"No, he is here!" came in startling accents over my shoulders. And with a quick leap Joe Benson sprang by me and stood handsome, tall, and commanding in the centre of the room. "Hartley! Carrie! Edith! what is this I hear? My father stricken down, my father dying or dead, and I left to wander up and down through the shrubbery, while you knelt at his bedside and received his parting blessing? Is this the recompense you promised me, Hartley? this your sisterly devotion, Carrie? this your love and attention to my interests, Edith?"
"O Joe, dear Joe, do not blame us!" Carrie made haste to reply. "We thought you were here. A man was here, that man behind you, simulating you in every regard, and to him we gave the domino, and from him we have learned——"
"What?" sprang in thundering tones from the young giant's throat as he wheeled on his heel and confronted me.
"That your brother Hartley is a villain," I declared, looking him steadily in the eye.
"God!" was his only exclamation as he turned slowly back and glanced toward his trembling brother.
"Sir," said I, taking a step toward Uncle Joe, who, between his eagerness to embrace the new-comer and his dread of the consequences of this unexpected meeting, stood oscillating from one side to the other in a manner ridiculous enough to see, "what do you think of the propriety of uttering aloud and here, the suspicions which you were good enough to whisper into my ears an hour ago? Do you see any reason for altering your opinion as to which of the two sons of Mr. Benson invaded his desk and appropriated the bonds afterward found in their common apartment, when you survey the downfallen crest of the one and compare it with the unfaltering look of the other?"
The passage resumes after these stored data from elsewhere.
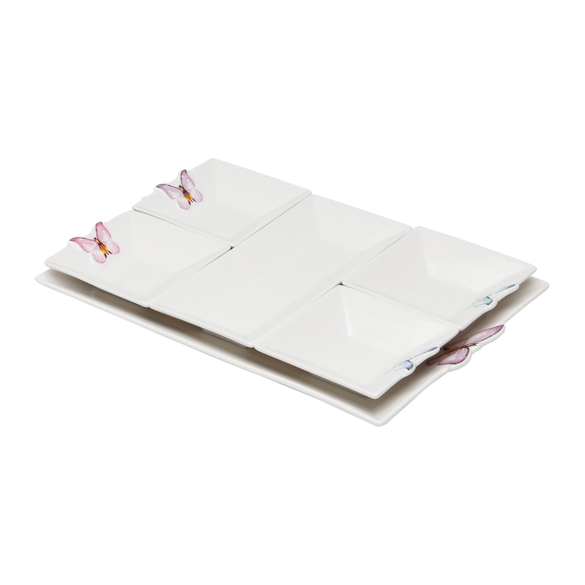 Os produtos da Linha Borboletas da Wolff são puro charme e elegância. Possuem delicados detalhes de borboletas, dando muito mais beleza para a peça. O conjunto de Petisqueiras é super versátil, ele possui 05 petisqueiras e mais uma bandeja. Seu design é super moderno, ideal para várias ocasiões.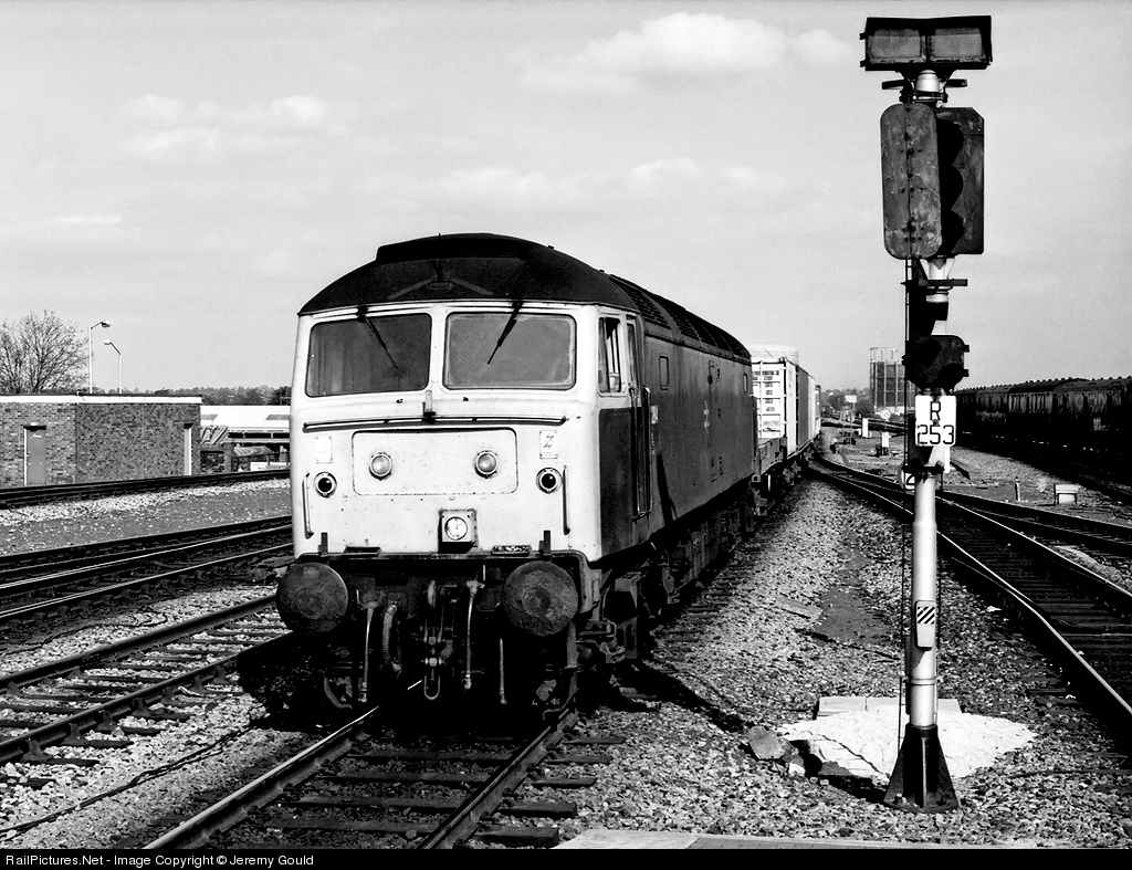 | Tinsley's 47284 heads through Reading with the Ripple Lane to Southampton freightliner. Withdrawn in February 1999, 47284 was cut-up in November the same year at Wigan. Taken on Ilford XP1. |
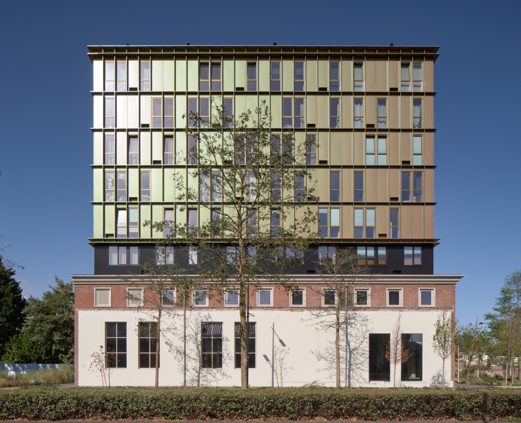 De opbouw boven het Ketelhuis is geïnspireerd door de vuurkasten van de oude ketels in het gebouw. Deze vuurkasten waren robuust en sterk van uitstraling, opgebouwd uit dikke staalplaten gemonteerd met klinknagels. Met de nieuwe cassettegevel verwijzen we naar de oude ketels. Het ritme van de nieuwe gevels past bij een heldere ingenieurs logica die je meer terug ziet in een industriële omgeving. Door deze cassettegevel overduidelijk in het zicht te monteren, creëren we een vergelijkbaar beeld en gevoel van robuustheid. De opbouw wordt gescheiden door een tussenlaag die ervoor zorgt dat de oudbouw van Ketelhuis op zichzelf blijft staan en de nieuwbouw loskomt van zijn plint. Daardoor is er een mooie geleding ontstaan tussen het oorspronkelijke gebouw en de nieuw te realiseren opbouw daarboven.

"No," he returned, roused into sudden energy by the start given by Hartley. And advancing between the brothers, he looked first at one and then at the other with a long, solemn gaze that called out the color on Hartley's pale cheek and made the crest of Joe rise still higher in manly pride and assertion. "Joe," said he, "for three years now your life has lain under a shadow. Accused by your father of a dreadful crime, you have resolutely refused to exonerate yourself, notwithstanding the fact that a dear young girl waited patiently for the establishment of your innocence in order to marry you. To your family this silence meant guilt, but to me and mine it has told only a tale of self-renunciation and devotion. Joe, was I right in this? was Edith right? The father you so loved, and feared to grieve, is dead. Speak, then: Did you or did you not take the bonds that were found in the cupboard at the head of your bed three years ago to-night? The future welfare, not only of this faithful child but of the helpless sister, who, despite her belief in your guilt, has clung to you with unwavering devotion, depends upon your reply."
"Let my brother speak," was the young man's answer, given in a steady and nobly restrained tone.
"Your brother will not speak," his uncle returned. "Don't you see you must answer for yourself? Say, then: Are you the guilty man your father thought you, or are you not? Let us hear, Joe."
"I am not!" avowed the young man, bowing his head in a sort of noble shame that must have sent a pang of anguish through the heart of his brother.